## Task to carry out
Transcribe exactly the lines that fall between the one holding "- 選擇要設置密碼的數據文件(.pst 文件),然後單擊[設置]按鈕。" and the one holding "Nyiurpos.com – Manado", inclusive, from the entries below.

** Opening Information provided block **

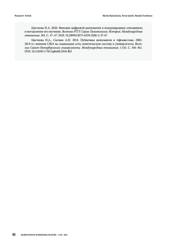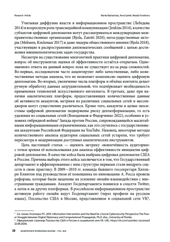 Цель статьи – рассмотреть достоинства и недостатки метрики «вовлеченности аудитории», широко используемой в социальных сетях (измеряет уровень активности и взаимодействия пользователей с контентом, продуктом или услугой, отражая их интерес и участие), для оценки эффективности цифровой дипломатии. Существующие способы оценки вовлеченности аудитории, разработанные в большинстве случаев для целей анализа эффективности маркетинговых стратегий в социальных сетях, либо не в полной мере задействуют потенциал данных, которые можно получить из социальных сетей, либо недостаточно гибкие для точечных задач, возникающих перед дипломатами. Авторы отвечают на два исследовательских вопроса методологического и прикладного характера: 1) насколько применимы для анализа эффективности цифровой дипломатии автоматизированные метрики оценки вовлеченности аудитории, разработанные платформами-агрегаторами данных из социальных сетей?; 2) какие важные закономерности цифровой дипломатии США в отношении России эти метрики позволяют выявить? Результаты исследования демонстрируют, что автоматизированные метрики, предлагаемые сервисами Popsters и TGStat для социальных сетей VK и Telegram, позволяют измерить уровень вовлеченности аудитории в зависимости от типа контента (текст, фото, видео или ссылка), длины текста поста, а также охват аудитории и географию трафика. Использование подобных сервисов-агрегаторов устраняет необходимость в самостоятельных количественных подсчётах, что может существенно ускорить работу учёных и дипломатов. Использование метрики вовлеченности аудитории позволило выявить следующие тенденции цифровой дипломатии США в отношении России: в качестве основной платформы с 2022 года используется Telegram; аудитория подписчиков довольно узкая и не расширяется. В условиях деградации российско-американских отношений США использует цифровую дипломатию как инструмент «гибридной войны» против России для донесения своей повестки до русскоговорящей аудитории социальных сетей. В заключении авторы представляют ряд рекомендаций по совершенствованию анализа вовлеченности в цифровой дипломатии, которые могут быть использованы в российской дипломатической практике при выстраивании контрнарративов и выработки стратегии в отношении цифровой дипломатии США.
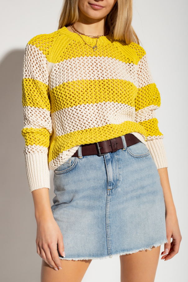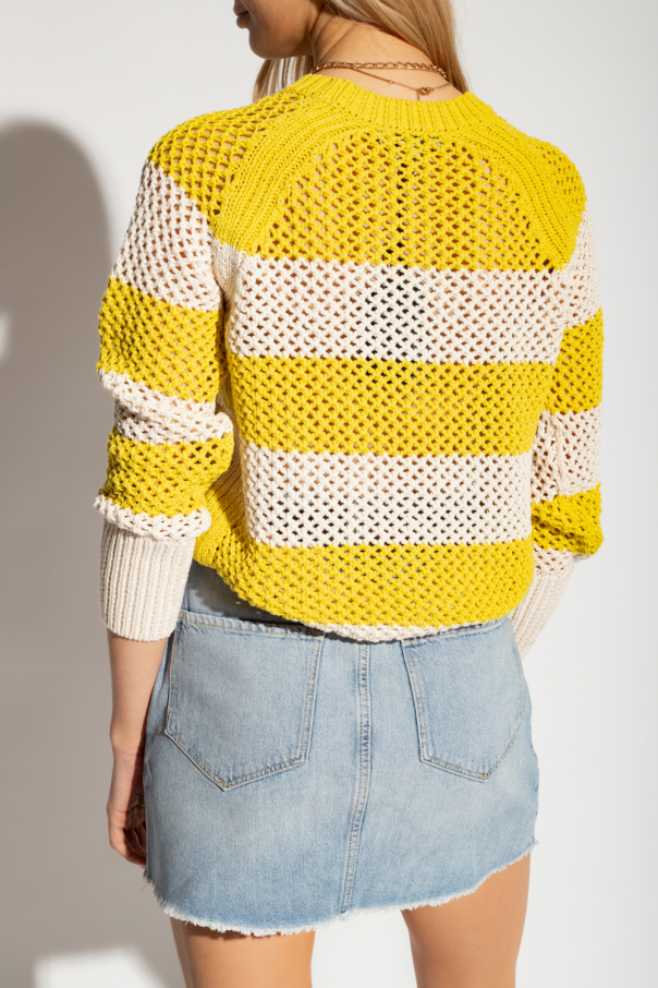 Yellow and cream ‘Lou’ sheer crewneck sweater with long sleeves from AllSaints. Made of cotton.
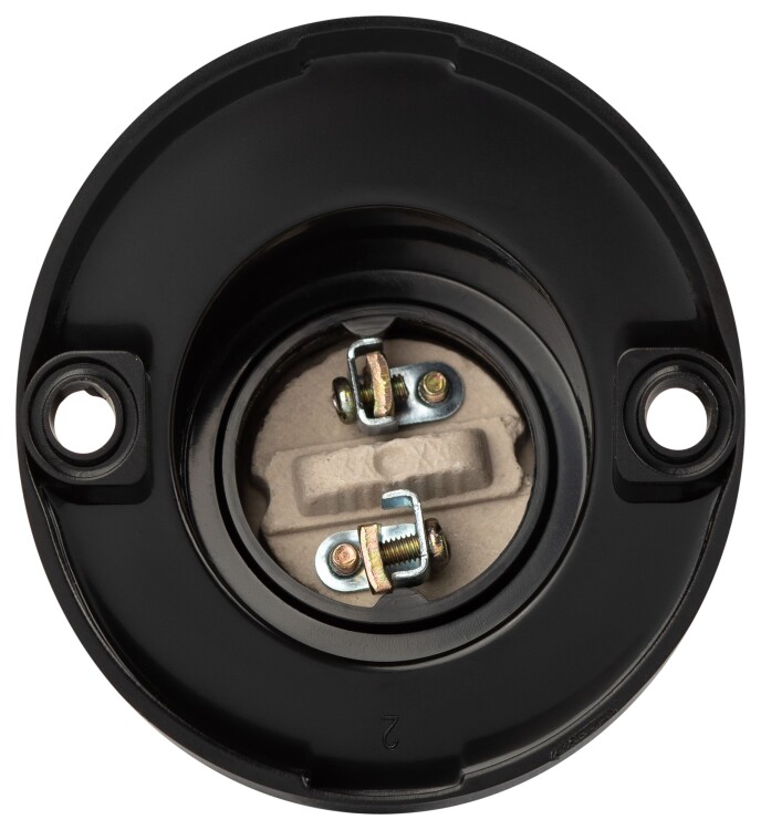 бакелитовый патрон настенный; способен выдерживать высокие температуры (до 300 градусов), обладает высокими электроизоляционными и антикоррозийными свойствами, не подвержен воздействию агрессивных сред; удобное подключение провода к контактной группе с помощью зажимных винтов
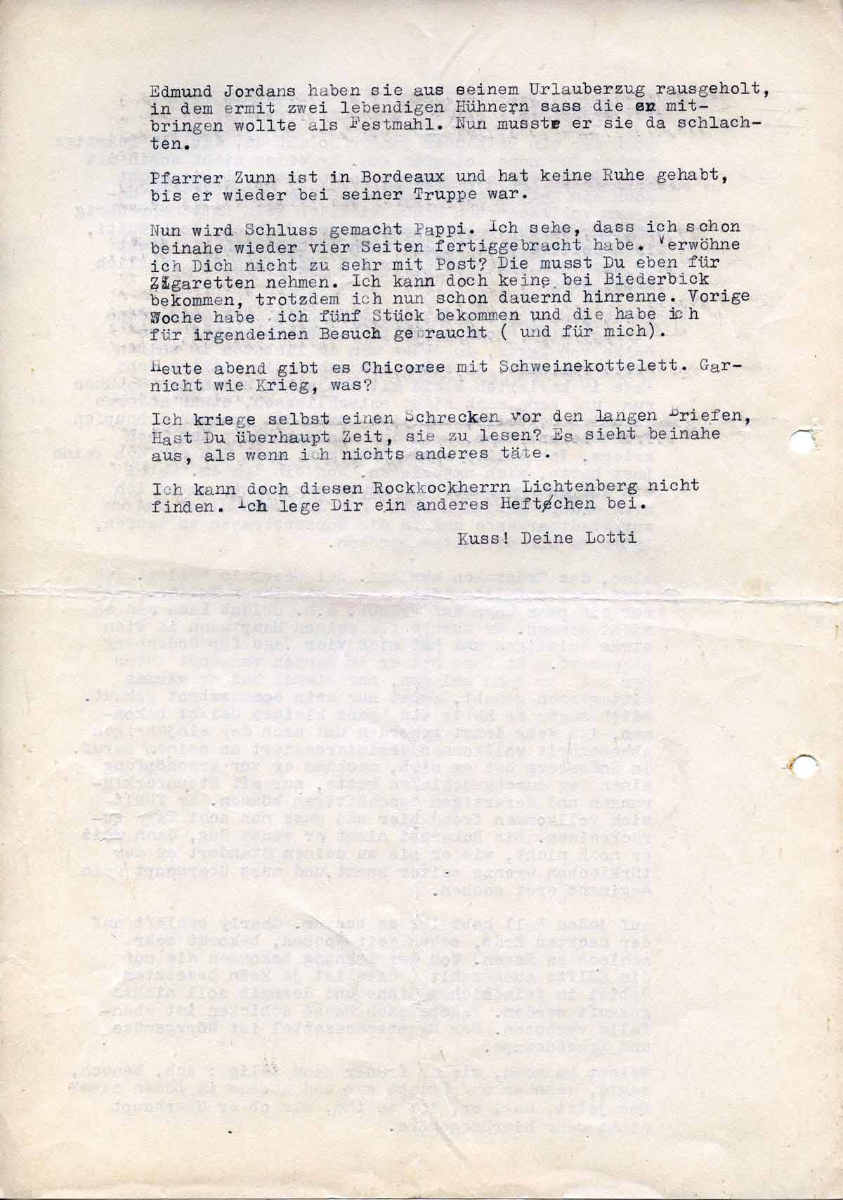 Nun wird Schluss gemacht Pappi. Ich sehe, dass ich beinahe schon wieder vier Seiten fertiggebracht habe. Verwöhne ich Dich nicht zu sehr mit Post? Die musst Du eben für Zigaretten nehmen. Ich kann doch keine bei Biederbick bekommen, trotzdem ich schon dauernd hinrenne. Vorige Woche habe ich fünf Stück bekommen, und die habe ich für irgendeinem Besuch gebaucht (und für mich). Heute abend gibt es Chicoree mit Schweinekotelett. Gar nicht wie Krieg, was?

** Closing Information provided block **
** Opening Information provided block **

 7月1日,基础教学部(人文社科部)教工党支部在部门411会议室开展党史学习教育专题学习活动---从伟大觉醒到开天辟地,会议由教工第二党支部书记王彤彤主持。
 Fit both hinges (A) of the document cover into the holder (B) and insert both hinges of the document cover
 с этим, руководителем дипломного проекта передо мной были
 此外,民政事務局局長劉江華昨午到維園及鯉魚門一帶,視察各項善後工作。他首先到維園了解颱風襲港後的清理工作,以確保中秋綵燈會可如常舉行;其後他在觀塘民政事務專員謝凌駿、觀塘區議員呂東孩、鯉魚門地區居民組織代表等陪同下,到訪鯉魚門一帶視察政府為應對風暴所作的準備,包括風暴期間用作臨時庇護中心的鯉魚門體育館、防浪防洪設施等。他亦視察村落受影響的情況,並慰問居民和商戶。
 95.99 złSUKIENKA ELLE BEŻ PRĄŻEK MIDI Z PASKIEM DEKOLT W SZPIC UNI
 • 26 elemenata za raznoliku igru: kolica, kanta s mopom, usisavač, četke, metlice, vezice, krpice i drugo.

** Closing Information provided block **
** Opening Information provided block **

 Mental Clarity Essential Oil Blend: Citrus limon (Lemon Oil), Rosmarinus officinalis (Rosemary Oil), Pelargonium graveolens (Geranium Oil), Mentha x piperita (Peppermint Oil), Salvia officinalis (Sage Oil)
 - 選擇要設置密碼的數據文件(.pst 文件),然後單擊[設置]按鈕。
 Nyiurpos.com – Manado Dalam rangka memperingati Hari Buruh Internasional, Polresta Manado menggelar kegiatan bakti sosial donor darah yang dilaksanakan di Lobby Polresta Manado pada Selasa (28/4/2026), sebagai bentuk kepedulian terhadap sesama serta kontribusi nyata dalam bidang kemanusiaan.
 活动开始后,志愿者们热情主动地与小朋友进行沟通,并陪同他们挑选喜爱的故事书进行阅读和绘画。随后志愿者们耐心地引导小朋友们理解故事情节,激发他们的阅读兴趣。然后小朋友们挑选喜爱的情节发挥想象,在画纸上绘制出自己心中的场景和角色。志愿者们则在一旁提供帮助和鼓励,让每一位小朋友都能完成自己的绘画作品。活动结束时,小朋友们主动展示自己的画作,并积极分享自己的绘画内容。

** Closing Information provided block **

## Solution to this task
 - 選擇要設置密碼的數據文件(.pst 文件),然後單擊[設置]按鈕。
 Nyiurpos.com – Manado Dalam rangka memperingati Hari Buruh Internasional, Polresta Manado menggelar kegiatan bakti sosial donor darah yang dilaksanakan di Lobby Polresta Manado pada Selasa (28/4/2026), sebagai bentuk kepedulian terhadap sesama serta kontribusi nyata dalam bidang kemanusiaan.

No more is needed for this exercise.